When a neural network is in training, the weights and thresholds are set to random values. These are then continually adjusted as training data is passed through the network until a consistent output is achieved.
Benefits of neural networks
Neural networks have the ability to learn organically. That is, the outputs from a neural network aren't completely limited by the inputs; artificial neural networks can generalise inputs, making them valuable for pattern recognition systems.
They can also find shortcuts to achieve computationally intensive answers. Artificial neural networks can infer relations between data points, rather than expecting for records in a data source to be unambiguously connected.
They can also be fault-tolerant. When neural networks are scaled over multiple systems, they can route around missing nodes that can't communicate. In addition to routing around parts of a network that no longer functions, artificial neural networks can recreate data by inference and help determine non-functioning nodes. This is useful for self-diagnosis and debugging of a network.
However, perhaps the biggest advantage deep neural networks provide is the ability to process and cluster unstructured data, such as pictures, audio files, video, text and numerical data. Given the analytical hierarchy, where each layer of nodes trains on the output of the previous layer, deep neural networks are capable of handling vast quantities of this unstructured data in order to find similarities before it reaches a human.
Examples of neural networks
There are many examples of neural network applications that take advantage of its ability to derive meaning from complex or inexact data.
Image recognition Artificial neural networks can solve problems such as analysing photos for specific objects.
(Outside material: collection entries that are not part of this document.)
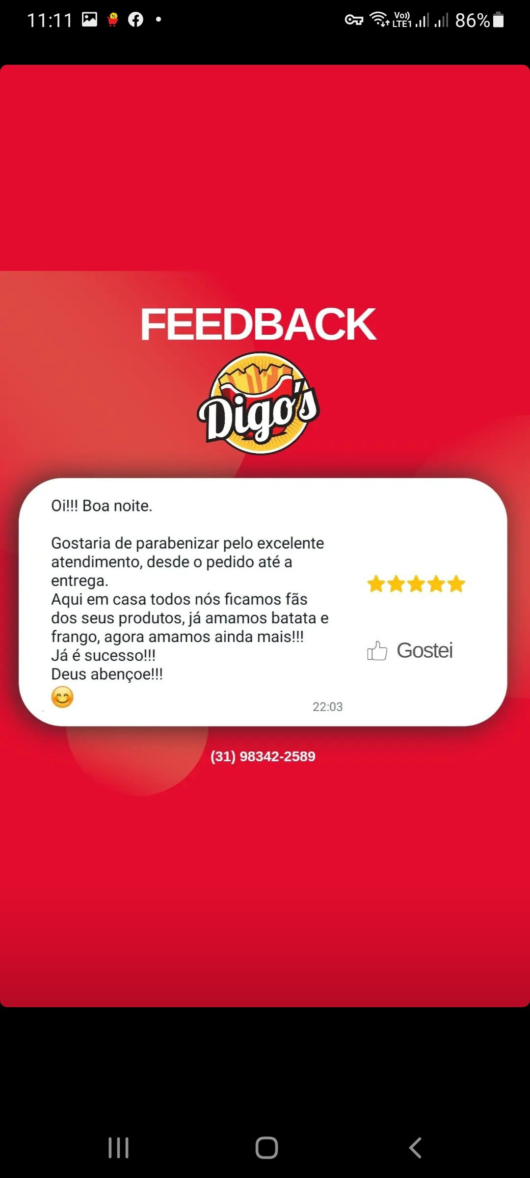 A batata Digo's recheada é uma massa de batata feita com a receita exclusiva nossa , recheada e feito em formato de discos, super crocante por fora e derrete na boca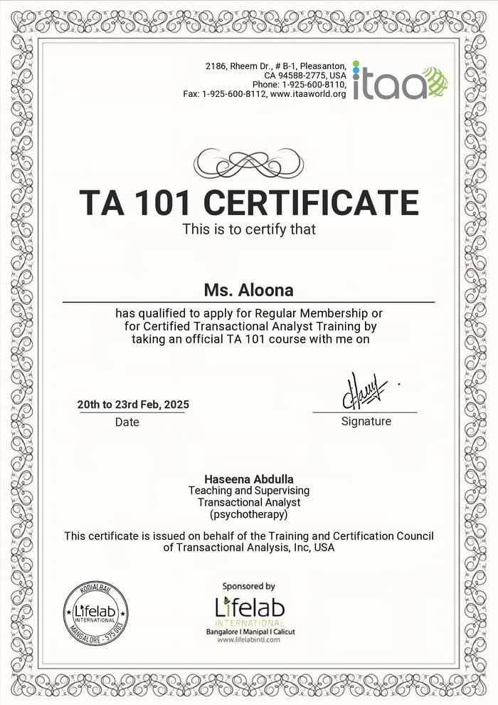 I’d read about TA, but Haseena’s TA 101 truly brought it to life. Her ability to explain complex ideas with clarity and empathy was incredible. Being part of a diverse cohort made the learning richer, it was powerful to see how differently we processed the same ideas, yet connected through shared insights.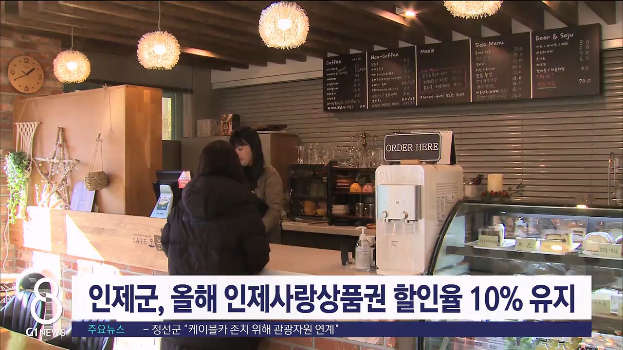 인제군이 정부의 지역화폐 예산 감축에도 불구하고 올해 인제사랑상품권의 할인율 10%를 유지하기로 했습니다.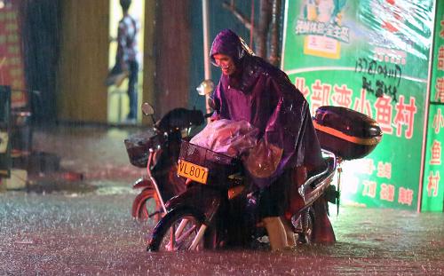 5月10日晚,广西桂林市全州县城一路段积水严重,市民在积水中骑行。新华社发(王滋创 摄) |
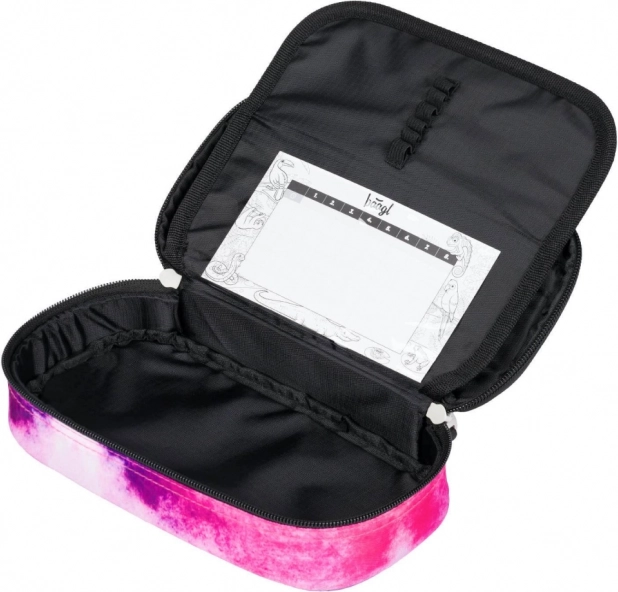 Designul atrăgător în tonuri de albastru și mov oferă echipamentului școlar un stil aparte și motivează la ordine în penar.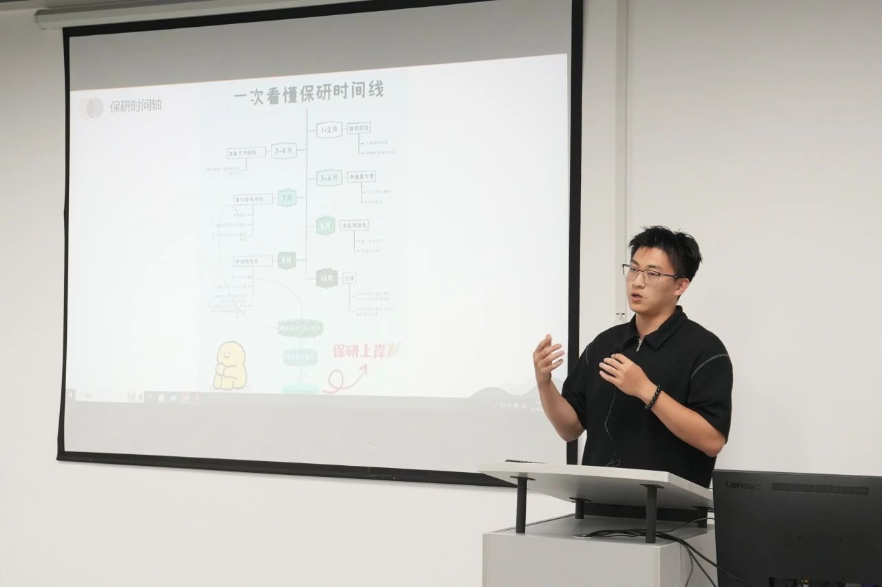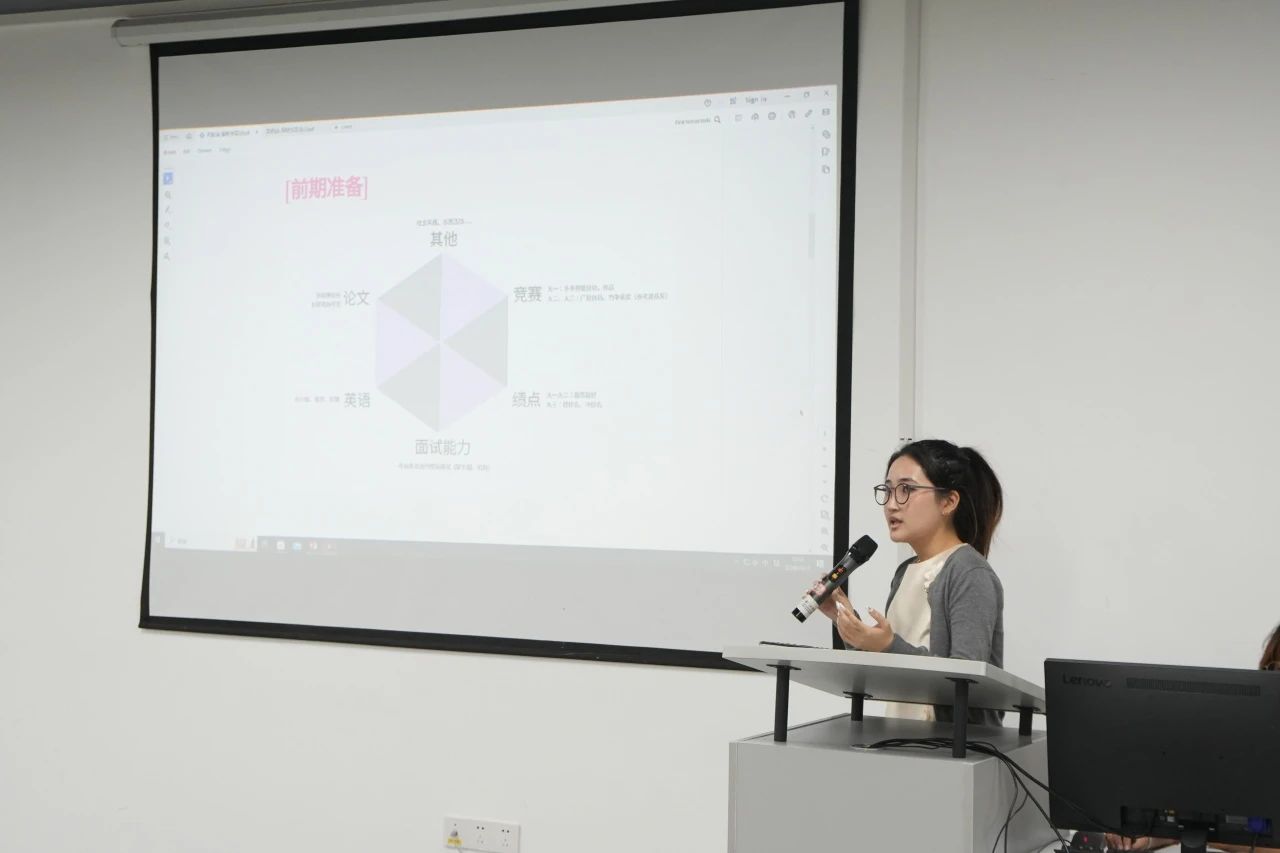 活动伊始,视觉传达设计专业的李佩锦学姐向同学们讲述了保研的时间规划、材料准备和面试准备。她提出要整体的规划时间线,提前了解院校要求,熟悉同期同学水平等意见。向我们分享了她在参加夏令营期间的个人经历。她提醒我们要勇于参与竞赛,积累经验,并从日常作业入手,学会为申请期间作品集的准备作铺垫。

Such algorithms can be deployed to tell dogs from cats. More importantly, neural networks have been deployed to diagnose cancers using only cell shape information.
Financial Neural networks have been used to figure out exchange rate forecasting and stock performance and selection prediction for nearly 30 years. Neural networks also are used to determine credit scores, learning to correctly identify good or poor credit risks.
Telecommunications Neural networks have been used in telecoms firms to optimise routing and quality of service by evaluating network traffic in real-time.